EPPICH, Presiding Judge:
¶1 After a jury trial, Pedro Alvarez was convicted of two counts of aggravated driving under the influence of an intoxicant (DUI), specifically: DUI with a suspended or revoked license and driving with a blood alcohol concentration (BAC) at or above .08 with a suspended or revoked license. The trial court sentenced him to concurrent, 3.5-year prison terms for each offense. On appeal, Alvarez contends there was insufficient evidence he drove or was in actual physical control of a vehicle at the time he was impaired by alcohol or his BAC was .08 or greater. We affirm.
¶2 We view the evidence in the light most favorable to sustaining the jury's verdict. State v. Felix, 237 Ariz. 280, ¶ 30 (App. 2015). In the early morning of February 7, 2017, E.A. was watching television at her mother's home when she heard a car door slam. When she looked out the window, she saw an unfamiliar vehicle in the driveway. She then went outside but did not see anyone.
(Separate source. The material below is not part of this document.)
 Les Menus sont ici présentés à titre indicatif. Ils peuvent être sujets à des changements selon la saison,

¶3 At about the same time, a police officer driving nearby saw Alvarez running toward him. When the officer told him to stop and sit down, Alvarez threw a set of keys onto the ground before complying. Alvarez was extremely intoxicated, and, according to the officer, said "Something to the [e]ffect of you're going to arrest me for parking a car[? Y]ou can't arrest me for parking a car." The keys Alvarez had discarded were for the vehicle in E.A.'s mother's driveway. An empty beer can and beer bottle were found in the vehicle. Although Alvarez claimed to have had only two beers, there was expert testimony at trial that he would have had to consume a minimum of nine drinks to have the .193 BAC later determined by testing a sample of his blood.
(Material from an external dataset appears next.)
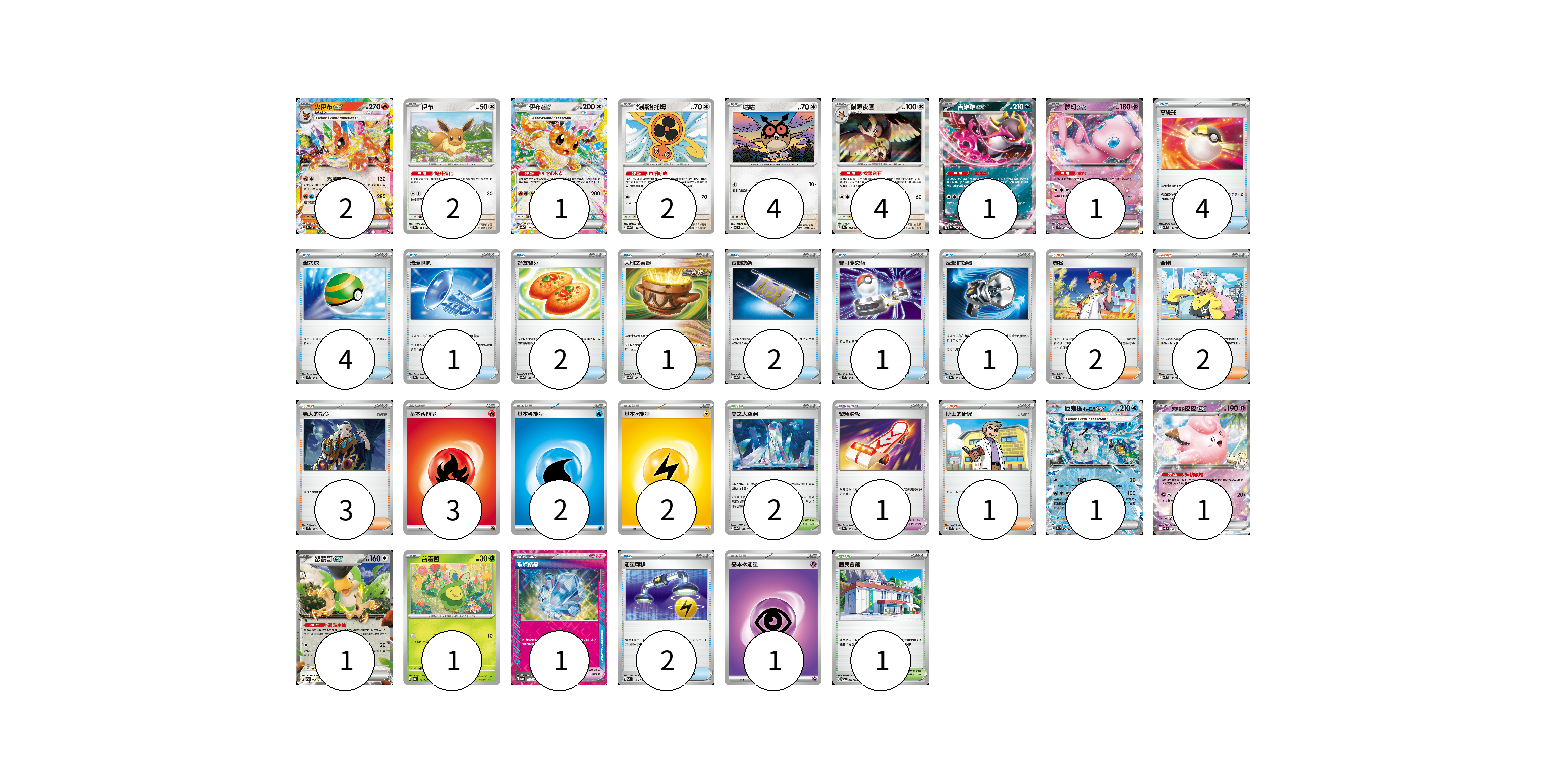 牌組構築方案 以此牌組為基礎新構築牌組 顯示卡面 顯示列表 寶可夢卡(21) 2 2 1 2 4 4 1 1 1 1 1 1 寶可夢道具(2) 1 1 物品卡(18) 4 4 1 2 1 2 1 1 2 支援者卡(8) 2 2 3 1 競技場卡(3) 2 1 能量卡(8) 3 2 2 1 寶可夢卡(21) 卡牌名稱 張數 卡牌名稱 張數 火伊布ex SV8a 022/187 02 伊布 SV8a 125/187 02 伊布ex SV8a 126/187 01 旋轉洛托姆 SV8a 131/187 02 咕咕 SV7 076/102 04 貓頭夜鷹 SV8a 128/187 04 吉雉雞ex SV8a 104/187 01 夢幻ex SVK 001/042 01 厄鬼椪 水井面具ex SV8a 050/187 01 莉莉艾的皮皮ex SV9 033/100 01 怒鸚哥ex SVK 006/042 01 含羞苞 SV8a 001/187 01 寶可夢道具(2) 卡牌名稱 張數 卡牌名稱 張數 緊急滑板 SV8a 153/187 01 璀璨結晶 SV8a 152/187 01 物品卡(18) 卡牌名稱 張數 卡牌名稱 張數 高級球 SVM 134/175 04 巢穴球 SVM 133/175 04 玻璃喇叭 SV8a 140/187 01 好友寶芬 SV8a 147/187 02 大地之容器 SV8a 143/187 01 夜間擔架 SV8a 151/187 02 寶可夢交替 SVM 136/175 01 反擊捕捉器 SV8a 139/187 01 能量轉移 SVM 127/175 02 支援者卡(8) 卡牌名稱 張數 卡牌名稱 張數 赤松 SV8a 163/187 02 奇樹 SVM 160/175 02 老大的指令 SVM 172/175 03 博士的研究 SVM 162/175 01 競技場卡(3) 卡牌名稱 張數 卡牌名稱 張數 零之大空洞 SV8a 182/187 02 居民會館 SV5a 065/066 01 能量卡(8) 卡牌名稱 張數 卡牌名稱 張數 基本火能量 sv-p FIR 03 基本水能量 sv-p WAT 02 基本雷能量 sv-p LIG 02 基本超能量 sv-p PSY 01 以此牌組為基礎新構築牌組 牌組編碼 OdHHUp-YtbEoU-sIsfgi copy 列印牌組單 牌組編碼已複製 分享至SNS

¶4 To show Alvarez committed the DUI offenses alleged, the state was required to prove he had driven or been in actual physical control
of a vehicle while impaired by alcohol to the slightest degree and that, as a result of alcohol consumption before or while driving or controlling the vehicle, his BAC had been .08 or greater within two hours of driving or being in actual physical control of a vehicle. See A.R.S. § 28-1381(A)(1), (2). To convict Alvarez of aggravated DUI as charged, the state was required to show that he committed a DUI offense while his license was suspended or revoked. See A.R.S. § 28-1383(A)(1).
¶5 On appeal, Alvarez argues there was insufficient evidence he drove the car while impaired or with a BAC at or above .08. He notes that nobody saw him in the car, there was no evidence when or how long the car had been parked in the driveway, and there was "no proof that he consumed any alcohol prior to" parking the car, apparently suggesting he could have consumed sufficient alcohol after parking the car for his blood to have the BAC found in testing.
¶6 We review de novo whether the evidence is sufficient to support a conviction and, again, we view that evidence in the light most favorable to upholding the jury's verdict. State v. Pena, 235 Ariz. 277, ¶ 5 (2014). Evidence is sufficient if "any rational trier of fact could have found the essential elements of the crime beyond a reasonable doubt." State v. West, 226 Ariz. 559, ¶ 16 (2011) (quoting State v. Mathers, 165 Ariz. 64, 66 (1990)). "And in reviewing the sufficiency of the evidence, we do not distinguish circumstantial from direct evidence." State v. Borquez, 232 Ariz. 484, ¶ 11 (App. 2013).
¶7 We agree with the state that Alvarez's argument ignores ample circumstantial evidence that he drove or was in actual physical control of the vehicle while he was impaired. Alvarez admitted driving the vehicle, and the jury readily could conclude he had been intoxicated when he did so given the large quantity of alcohol he must have consumed to have a BAC of .193 despite only two beer containers were found in the car—far less than would have been required to achieve such a high BAC, he had parked the car in a stranger's driveway, and there was no evidence he consumed any additional alcohol in the driveway or after leaving the car there.
¶8 We affirm Alvarez's convictions and sentences.